==== RECORD EXTRACTS ====

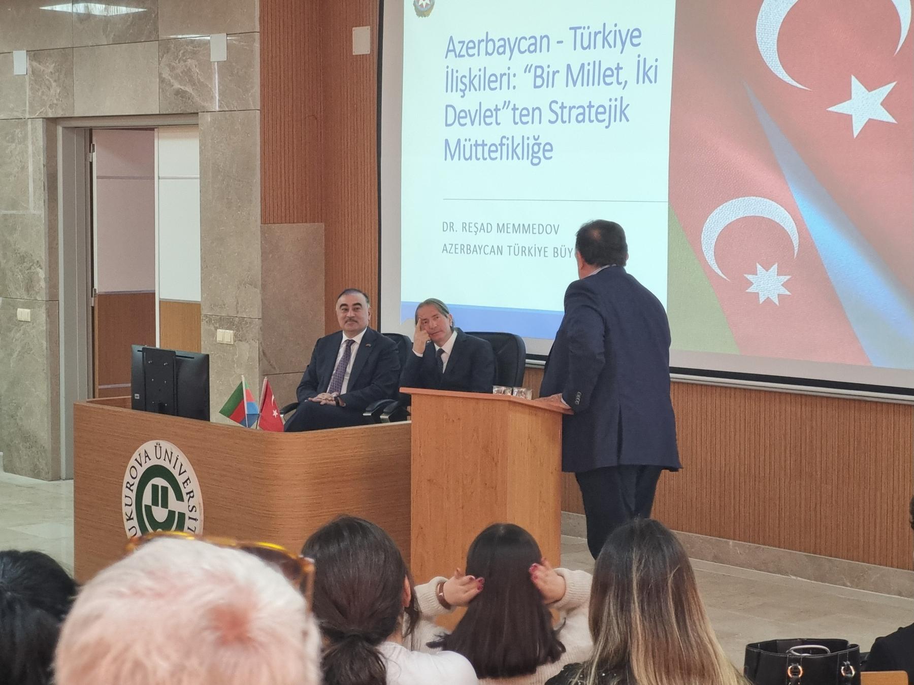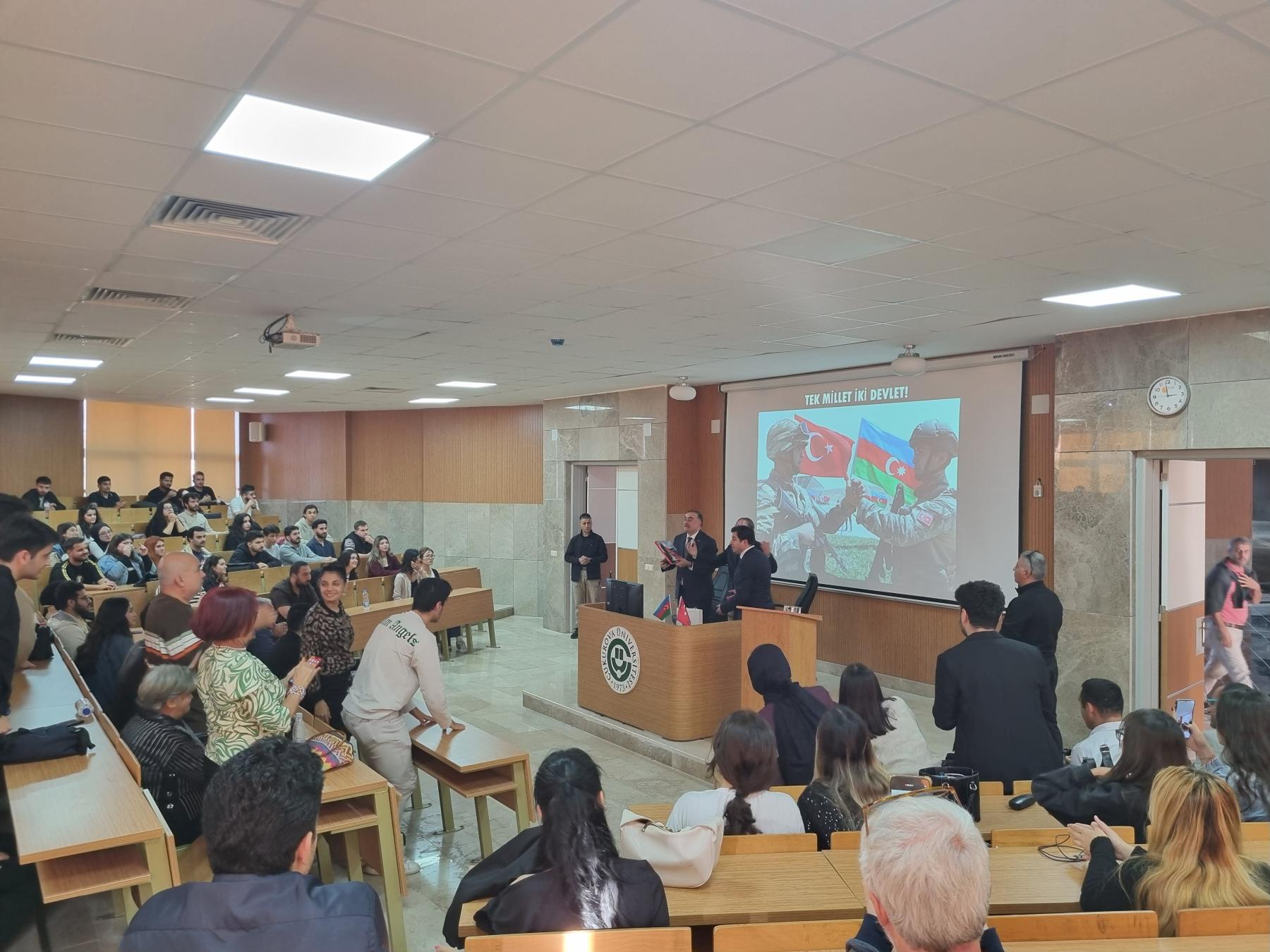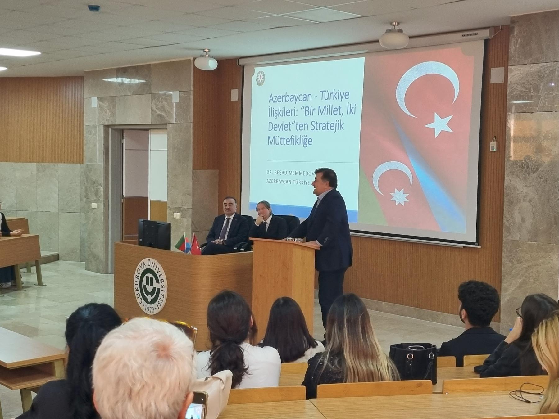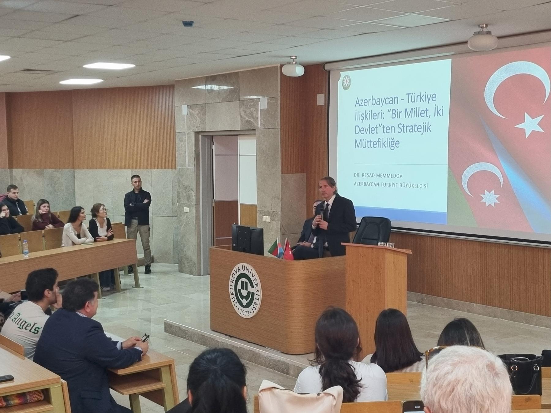 Azerbaycan Cumhuriyeti Türkiye Büyükelçisi Dr. Rashad MAMMADOV'un katılımlarıyla "Kardeşlikten Stratejik Ortaklığa: Türkiye ve Azerbaycan’ın XXI. Yüzyıl Vizyonu" başlıklı bir söyleşi düzenlenmiştir. Siyaset Bilimi ve Uluslararası İlişkiler Bölümü Öğretim Üyesi Sayın Prof. Dr. Harun ARIKAN'ın moderatörlüğünde düzenlenen söyleşinin açılış konuşmasını, İktisadi ve İdari Bilimler Fakültesi Dekanı Sayın Prof. Dr. Erkut DÜZAKIN gerçekleştirmiş.
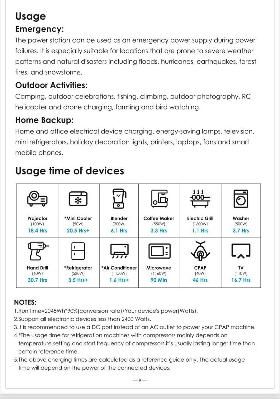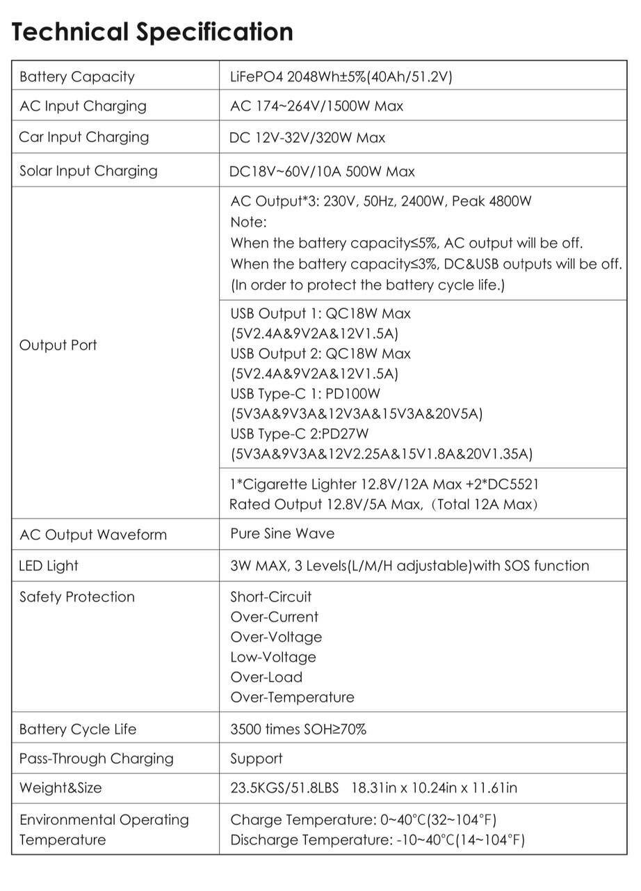 Battery Capacity: LiFePO4 2048Wh+/-5%(40Ah/51.2) AC Input Charging: AC 174-264V/1500W Max Car Input Charging: DC12V-32V/320W Max Solar Input Charging: DC 18V-60V/10A 500W Max Ouyput Part: USB Ouyput1^QC 18W Max(5V2.4A&9V2A&12V1.5A), USB Output 2: QC18W Max(5V2.4A&9V2A&12V1.5A)USB Type-C 1: PD 100W(5V3A&9V3A&12V3A&15V3A&20V5A) USB Type-C 2:5V3A&9V3A&12V2.25A&15V1.8A&20V1.35A) 1*Cigarette Lighter 12.8V/5A Max(Total 12A Max), Led Light, Battery Cycle life:3500 times SOH>=70%, Weight&Size 23.5KGS/51.8LBS, 18.31in/10.24in/11.61in, Environmental Operating Temperature: Charge Temperature: 0-40*C, Discharge Temperature 10-40*C |
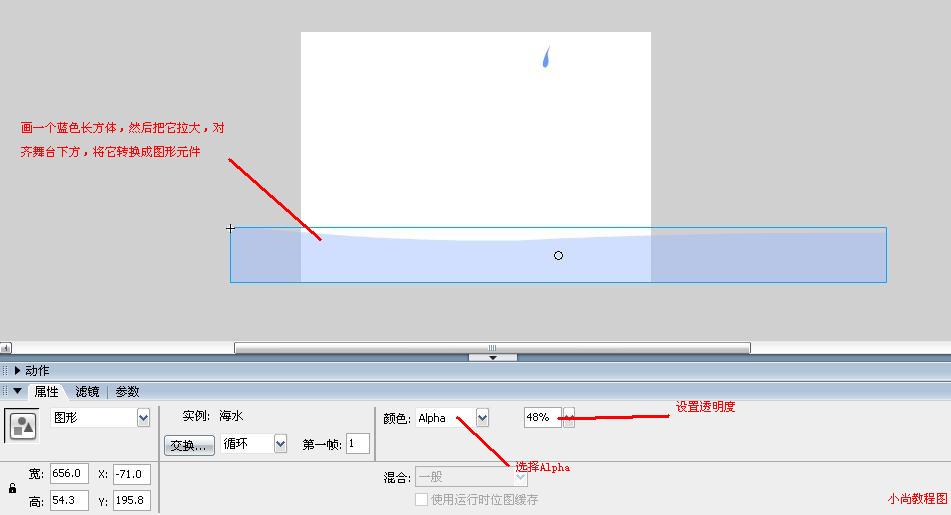 第三步:画完水滴后,点海水图层的第一帧,在舞台上画一个蓝色长方体无边框,设置它的大小,并把它转换成图形元件,设置透明度。为了让海水透明不破坏水滴下来的效果,为了让海水有流动效果,将海水图形稍微往右拉点,为的是后面,见下图:
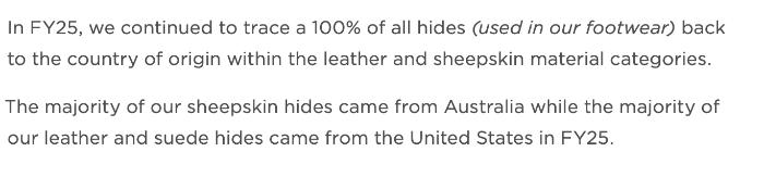 The above statement is from the Deckers sustainability report, which includes leather-heavy brands like UGG. Hoka shoes typically don’t include leather and therefore don’t include much US-sourced material. There are some exceptions, however, like the Hoka Bondi SR, a recovery shoe.
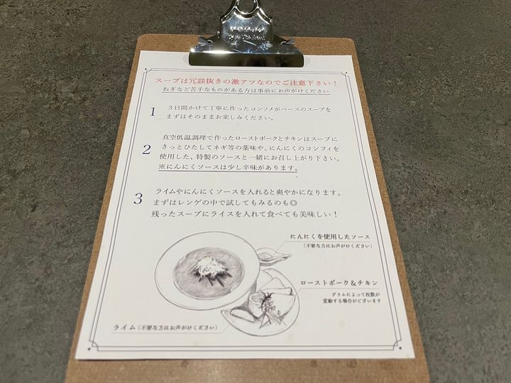 1人1枚、食べ方の紙が目の前に置かれています。 ローストポークとチキンは、そのまま食べることもできますが(もちろんそのまま食べても美味しい)、書かれている通りスープをくぐらせて薬味を添えると、1つの料理のよう。

====

REQUIRED ACTION. Since only the text is needed, retype the data above exactly and omit the pictures.

RESULT FOR THIS TASK.
 Azerbaycan Cumhuriyeti Türkiye Büyükelçisi Dr. Rashad MAMMADOV'un katılımlarıyla "Kardeşlikten Stratejik Ortaklığa: Türkiye ve Azerbaycan’ın XXI. Yüzyıl Vizyonu" başlıklı bir söyleşi düzenlenmiştir. Siyaset Bilimi ve Uluslararası İlişkiler Bölümü Öğretim Üyesi Sayın Prof. Dr. Harun ARIKAN'ın moderatörlüğünde düzenlenen söyleşinin açılış konuşmasını, İktisadi ve İdari Bilimler Fakültesi Dekanı Sayın Prof. Dr. Erkut DÜZAKIN gerçekleştirmiş.
 Battery Capacity: LiFePO4 2048Wh+/-5%(40Ah/51.2) AC Input Charging: AC 174-264V/1500W Max Car Input Charging: DC12V-32V/320W Max Solar Input Charging: DC 18V-60V/10A 500W Max Ouyput Part: USB Ouyput1^QC 18W Max(5V2.4A&9V2A&12V1.5A), USB Output 2: QC18W Max(5V2.4A&9V2A&12V1.5A)USB Type-C 1: PD 100W(5V3A&9V3A&12V3A&15V3A&20V5A) USB Type-C 2:5V3A&9V3A&12V2.25A&15V1.8A&20V1.35A) 1*Cigarette Lighter 12.8V/5A Max(Total 12A Max), Led Light, Battery Cycle life:3500 times SOH>=70%, Weight&Size 23.5KGS/51.8LBS, 18.31in/10.24in/11.61in, Environmental Operating Temperature: Charge Temperature: 0-40*C, Discharge Temperature 10-40*C |
 第三步:画完水滴后,点海水图层的第一帧,在舞台上画一个蓝色长方体无边框,设置它的大小,并把它转换成图形元件,设置透明度。为了让海水透明不破坏水滴下来的效果,为了让海水有流动效果,将海水图形稍微往右拉点,为的是后面,见下图:
 The above statement is from the Deckers sustainability report, which includes leather-heavy brands like UGG. Hoka shoes typically don’t include leather and therefore don’t include much US-sourced material. There are some exceptions, however, like the Hoka Bondi SR, a recovery shoe.
 1人1枚、食べ方の紙が目の前に置かれています。 ローストポークとチキンは、そのまま食べることもできますが(もちろんそのまま食べても美味しい)、書かれている通りスープをくぐらせて薬味を添えると、1つの料理のよう。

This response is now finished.